Kirsten Kay Thoen is a maker of objects incorporating photographs of the natural world which, at first glance, appear to follow recent trends in hip furniture and interior design. (That she is from Brooklyn only heightens the comparison.) But unlike some designers and crafters, whose use of nature imagery is merely decorative, driven by ironic wit or easy sentiment, Thoen’s works are designed around photographs of nature, often enclosed completely within a prism or frame. The relationship between image and object is enigmatic. Do these works conjure nature’s primal power, containing it symbolically, as talismans? Or do they suggest that nature itself has become the symbol, emptied of its power in a world circumscribed by our presence?

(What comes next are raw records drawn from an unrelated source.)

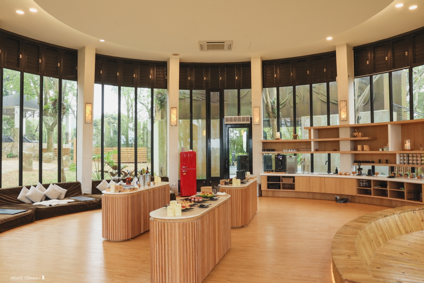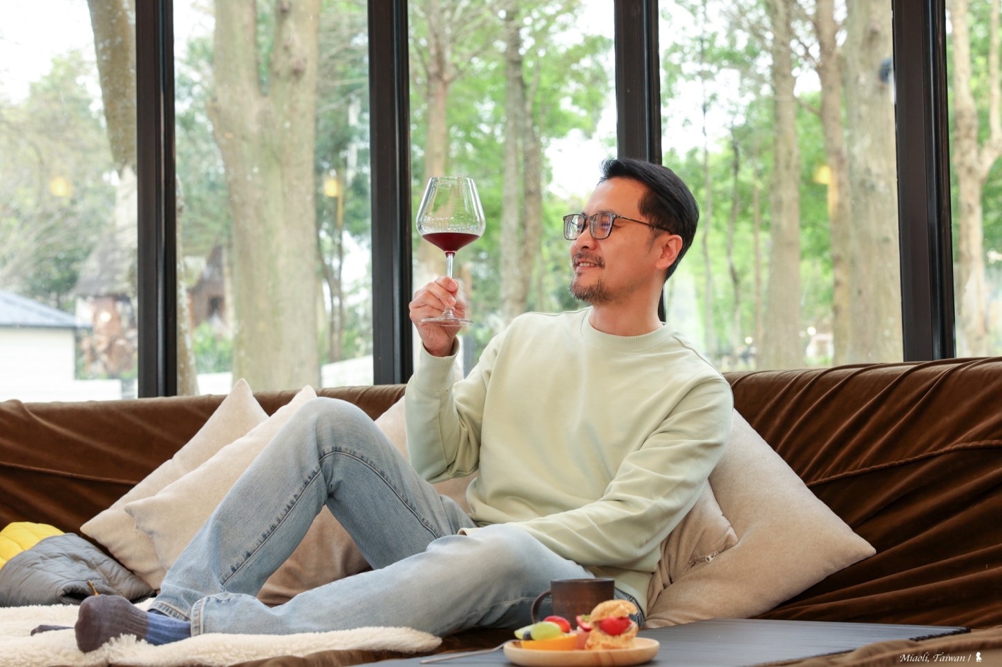 園區所標榜的精神文化「Hygge」,我也是第一回聽到,園方告訴我這個丹麥語的意思,就是居住在北歐的人們喜愛和親友相聚共享美食、美酒及糕點,然後一定會有舒適的毛毯及溫暖的燭光相伴,為了讓來訪的客人都能好好體會 Hygge 精神,所以他們準備了一棟 24 小時不打烊的圓形館。這個空間概念跟虹夕諾雅全天候開放的 lounge 很像,但這裡提供的餐飲品項又更加豐富,除了下午 3-5 點提供季節性下午茶(例如春天草莓季就是以莓果為主題),其餘時間來,也都能自己輕鬆在這吃吃喝喝。以咖啡來說,除有自動咖啡機,還講究的提供三款精選咖啡豆,提供客人從磨豆到手沖,酒水的話,則提供了四款酒,包括在地紅、白酒,還有燒酎以及威士忌,可說誠意十足,對了、晚上這裡提供的宵夜更是精彩,但前提是得要吃得下。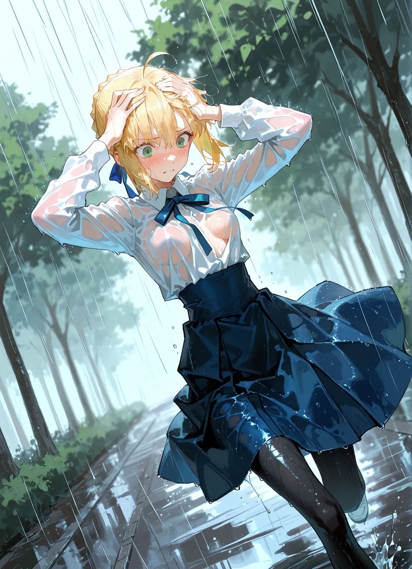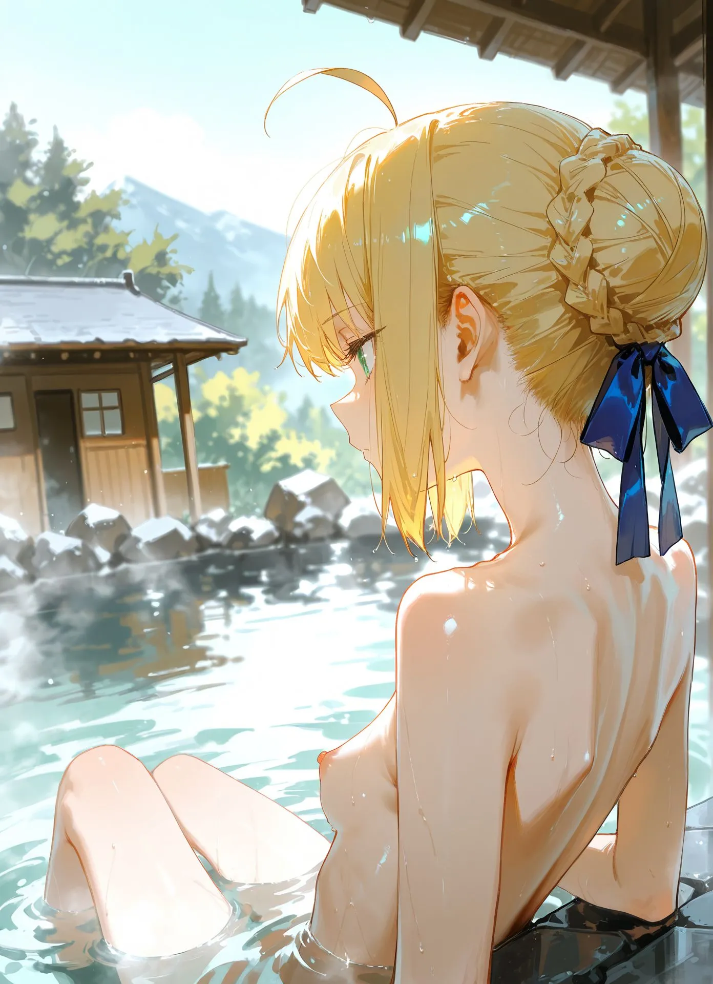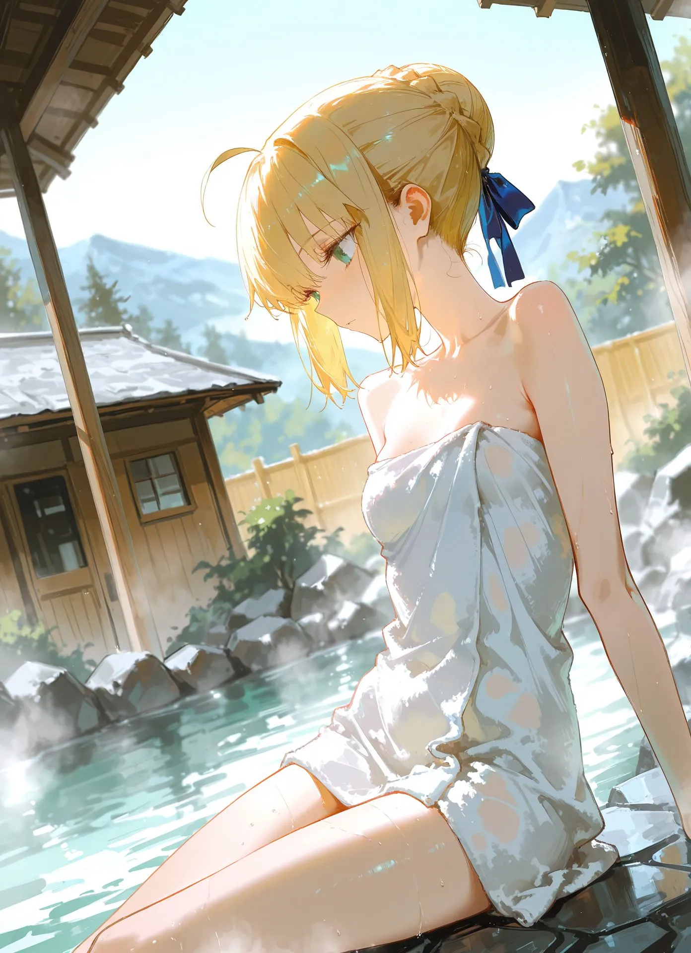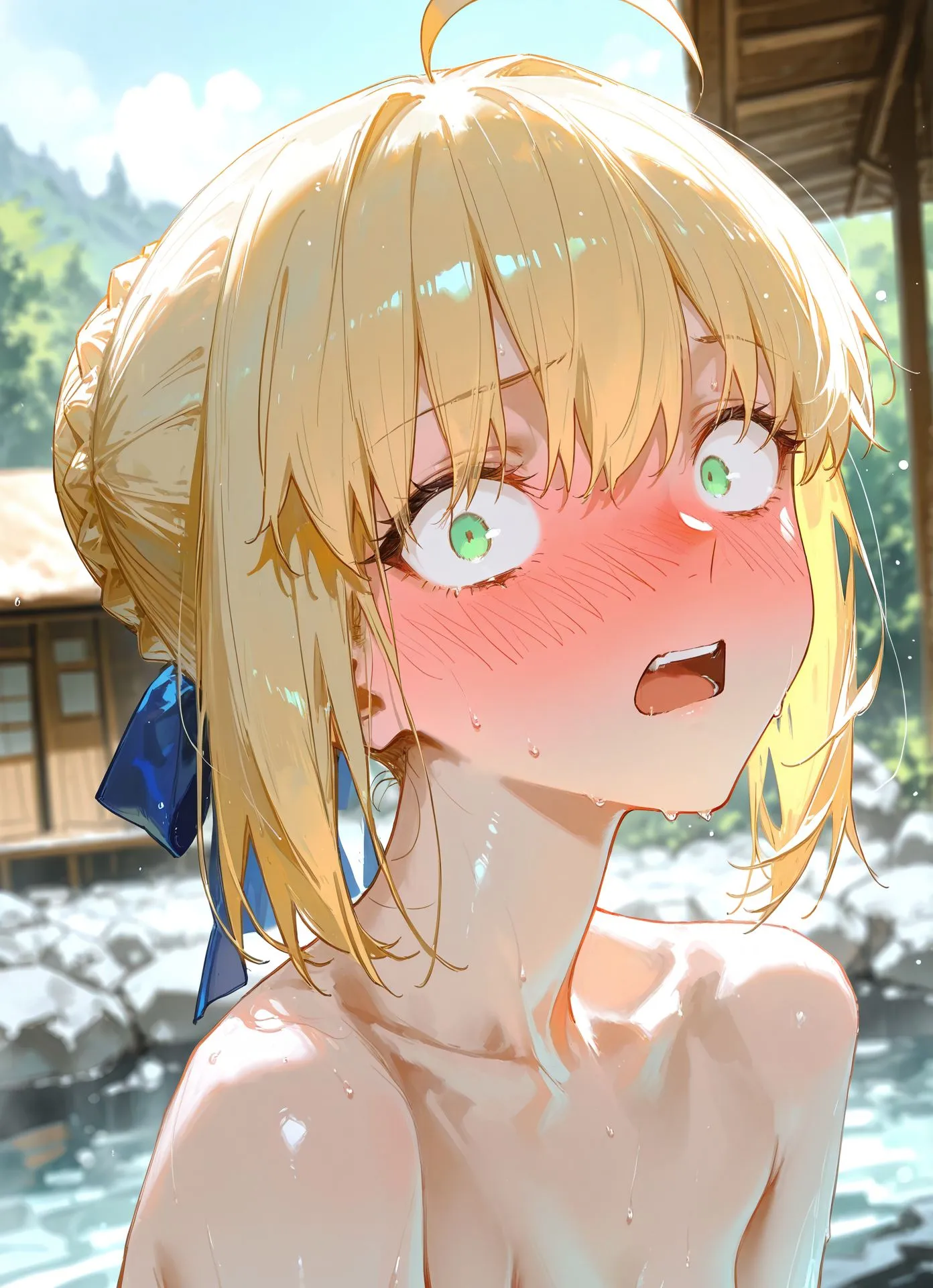 セイバー、男湯に挑戦 [AI Generated]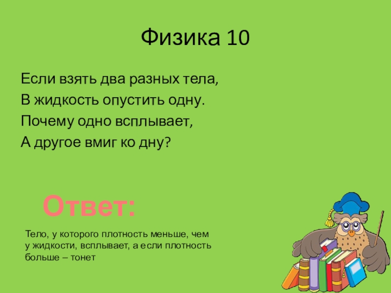 Тело, у которого плотность меньше, чем у жидкости, всплывает, а если плотность больше – тонет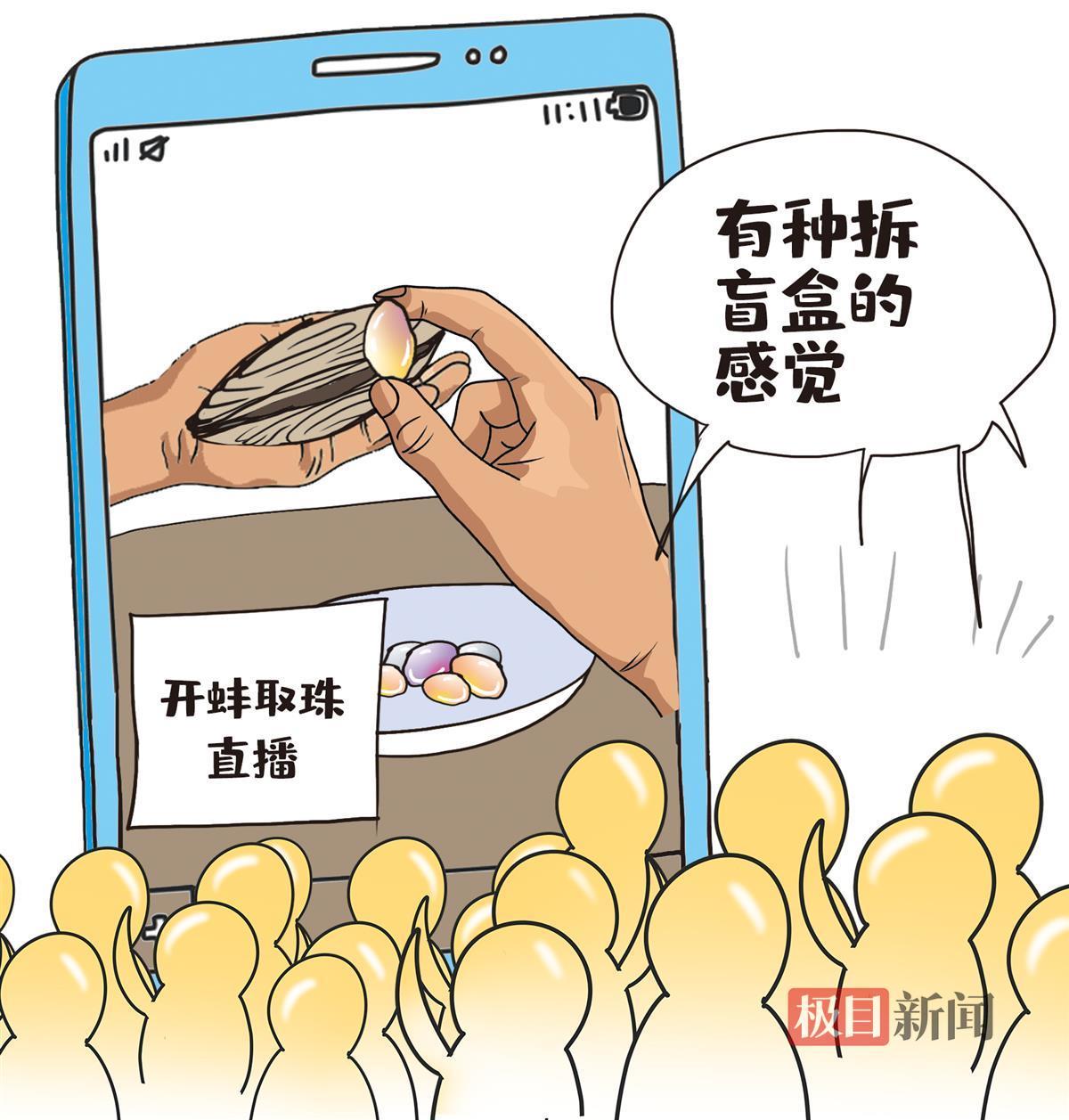 珍珠开蚌线上成热潮,记者探访发现,线下也有一些饰品店专门开设了开蚌取珠的体验项目,做现场珍珠开蚌生意的店铺也吸引了不少买家。顾客可以直接自己体验开蚌,用刀撬开蚌壳后再把蚌内的珍珠取出来。随后,店里的工作人员会帮忙清洗珍珠,顾客再DIY饰品。有不少体验者评论称,“每次开蚌都有惊喜,这次又开出了20多颗,有种拆盲盒的感觉”“开蚌取珠的快乐终于体验到了,真的解压”。

Several artists featured earlier in this series focused on light as an elemental power of nature. Christina Seely, a photographer based in San Francisco, also takes light as her subject, but hers is the light of the built environment. For her project Lux, Seely has traveled the world, following NASA maps of the most brightly lit metropolitan areas and photographing each city at night, glowing with light pollution. The illumination of our cities is perhaps the most visible sign of our presence on the planet, a visual correlate of the invisible emissions generated in the process of energizing our cities. Bright enough that they could almost be daytime scenes, the landscapes in Seely’s photographs are familiar, but strange and unsettling. This is the world as we’ve made it — changed, likely unsustainable, but also beautiful.